Please return, exactly and only, the lines beginning at the top of the entries below and ending with the line containing "Doa Menghindari Penyakit"; keep out the pictures.

---*---

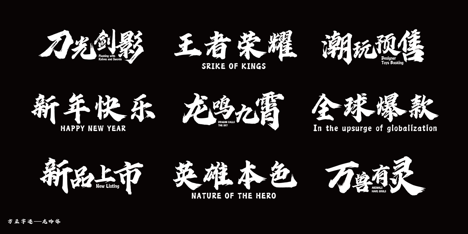 方正字迹-龙吟体笔画刚硬锐利,笔触狂放,字形浑厚洒脱,且结构多变。不仅适用于横向、纵向的排版,还方便了字与字之间的穿插。在继承传统的同时又融入当今商业化的应用,适合于电影海报、包装、品牌名称、各类商业海报、户外广告标题等。
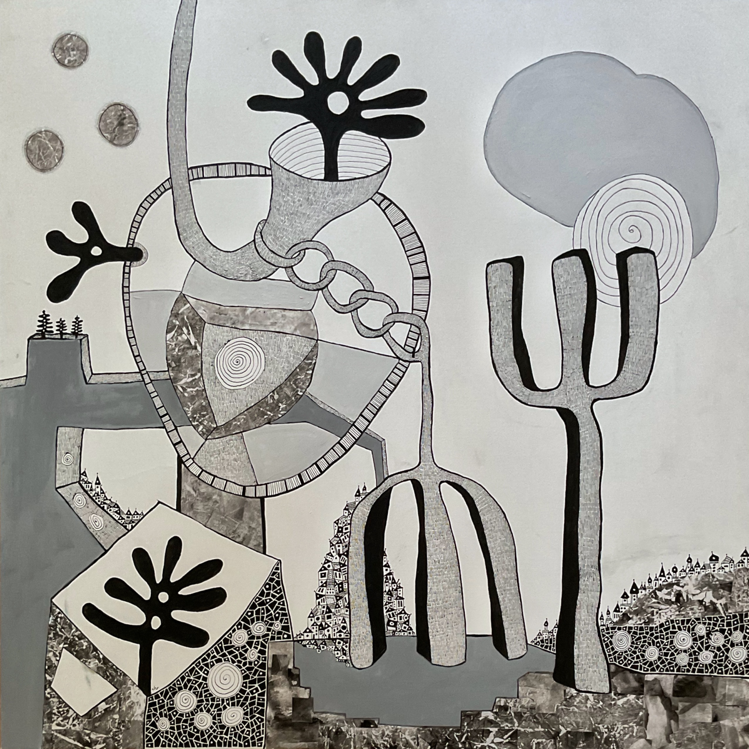 Christien de Jong is geen onbekende in Wijhe; haar kenmerkende stijl is op diverse plekken te bewonderen. Wie haar atelier bezoekt, ziet een explosie van vormen, materialen en enthousiasme om iets nieuws te scheppen. Sylvia Hubers exposeert in Woord & Beeld nieuw werk en gedichten die al in haar bundels zijn verschenen. Sommige teksten resoneren met het werk van Christien. Deze ontmoetingen vormen het hart van de expositie. Te zien is ook het tweepersoons-bladerboek ‘Zelven’ waarin Sylvia haar linkshandige tekeningen met rechtshandige teksten combineert.
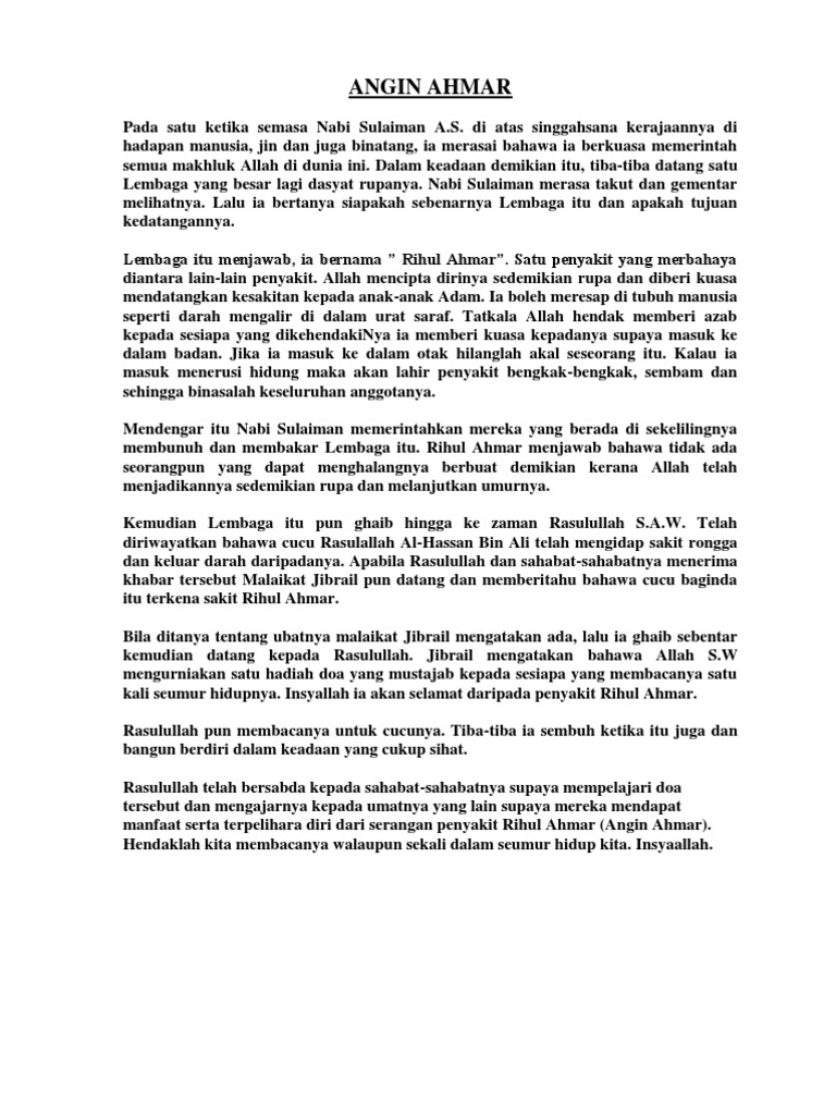 Doa Menghindari Penyakit Angin Ahmar Doa Wise Allah
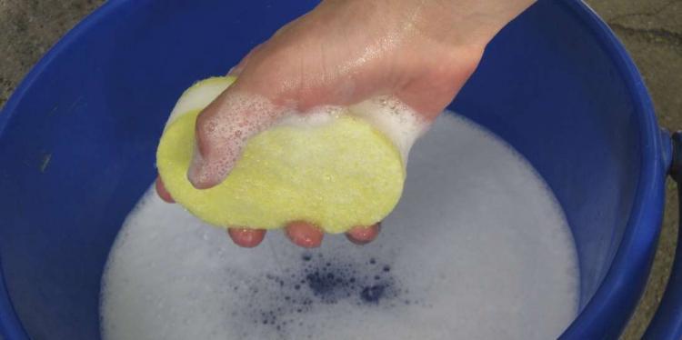 - Soap solutionwhich can be used instead of ordinary warm water. This tool is more suitable for removing a small layer of decorative material. For its preparation it is necessary to take 2 tbsp. spoons of ordinary laundry soap, previously rubbed. This component can be replaced with a powder that is created on the basis of soap. Also, take 5 tablespoons of baking soda and dilute it all in 10 liters of hot water. The resulting cooled and filtered solution with a sponge rubbed the treated surface. We leave whitewash for swelling, after which it is easily removed with a spatula.
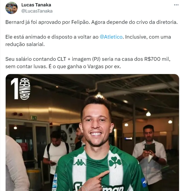 Bernard seguirá tentando convencer o Atlético-MG que vale a pena investir em seu futebol. Inclusive, segundo Lucas Tanaka, o jogador estaria aberto em diminuir seu salário para voltar ao clube.
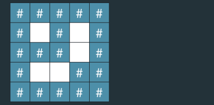 1. 맵은 변의 길이가 n인 정사각형 배열 형태이며, 각 셀은 “공백”(” “) 또는 “벽”(“#”)의 두 가지 유형으로 구성됩니다.

---*---

- ANSWER TO THE EXERCISE:
 方正字迹-龙吟体笔画刚硬锐利,笔触狂放,字形浑厚洒脱,且结构多变。不仅适用于横向、纵向的排版,还方便了字与字之间的穿插。在继承传统的同时又融入当今商业化的应用,适合于电影海报、包装、品牌名称、各类商业海报、户外广告标题等。
 Christien de Jong is geen onbekende in Wijhe; haar kenmerkende stijl is op diverse plekken te bewonderen. Wie haar atelier bezoekt, ziet een explosie van vormen, materialen en enthousiasme om iets nieuws te scheppen. Sylvia Hubers exposeert in Woord & Beeld nieuw werk en gedichten die al in haar bundels zijn verschenen. Sommige teksten resoneren met het werk van Christien. Deze ontmoetingen vormen het hart van de expositie. Te zien is ook het tweepersoons-bladerboek ‘Zelven’ waarin Sylvia haar linkshandige tekeningen met rechtshandige teksten combineert.
 Doa Menghindari Penyakit Angin Ahmar Doa Wise Allah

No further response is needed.